We recognize that no one innovation can achieve systemic change, but if other local interventions are pointed at the same goal, an innovation can have a transformative impact. Thus, we sought out projects with high potential to catalyze further change. We also see Innovation Fund grants as just one strategy to support members in their community change journeys, alongside coaching, convening, connecting, creating, challenging and celebrating.
For this first round of funding, we were looking to support four projects at the seed level ($2k each), one at the sprouting level ($5k) and one at the scaling level ($10k). We received 54 applications, showing tremendous need for this type of funding and support.

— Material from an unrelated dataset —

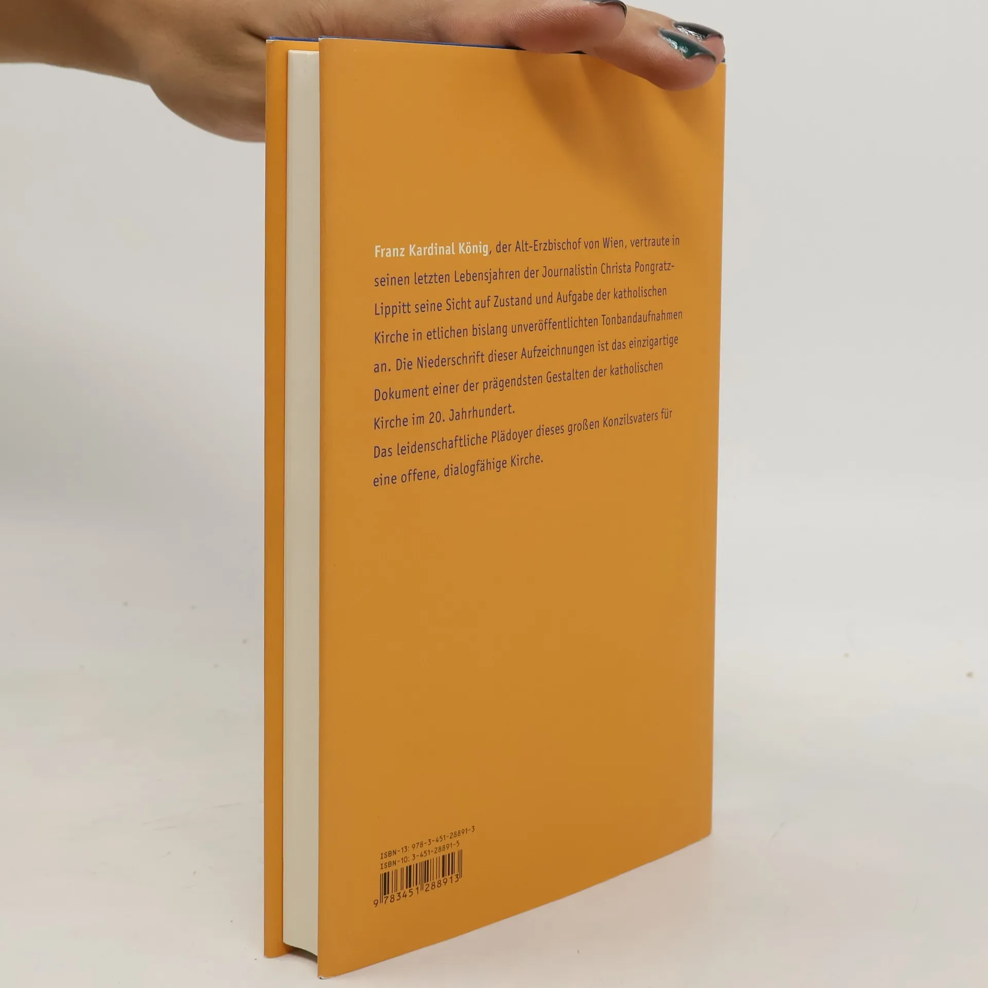 In seinen letzten Lebensjahren vertraute Kardinal König der Journalistin Christa Pongratz-Lippitt seine Sicht auf Zustand und Aufgabe der katholischen Kirche in etlichen bislang unveröffentlichten Tonbandaufnahmen an. Die Niederschrift dieser Aufzeichnungen ist das einzigartige Dokument eines der prägendsten Gestalten der katholischen Kirche im 20. Jahrhundert. Zugleich ist das Buch ein leidenschaftliches Plädoyer für eine offene, dialogfähige Kirche.

The CCT team worked alongside our Advisory Group members to select the most promising projects.
The six projects selected for Round 1 Innovation Fund grants are as follows:
1. Aboriginal Housing Management Association (AHMA), communities across British Columbia
AHMA’s Climate Resiliency Project aims to help Indigenous non-profit housing and service providers adapt to climate change by integrating climate resilience best practices into their asset management plans. By incorporating resilience into their existing Asset Care Program, AHMA will support its members to have more equitable access to leading energy and emergency response management practices, thus prolonging the service life of buildings and their systems, improving access to energy retrofit and climate adaptation funding, and reducing extreme weather events’ impacts and recovery time.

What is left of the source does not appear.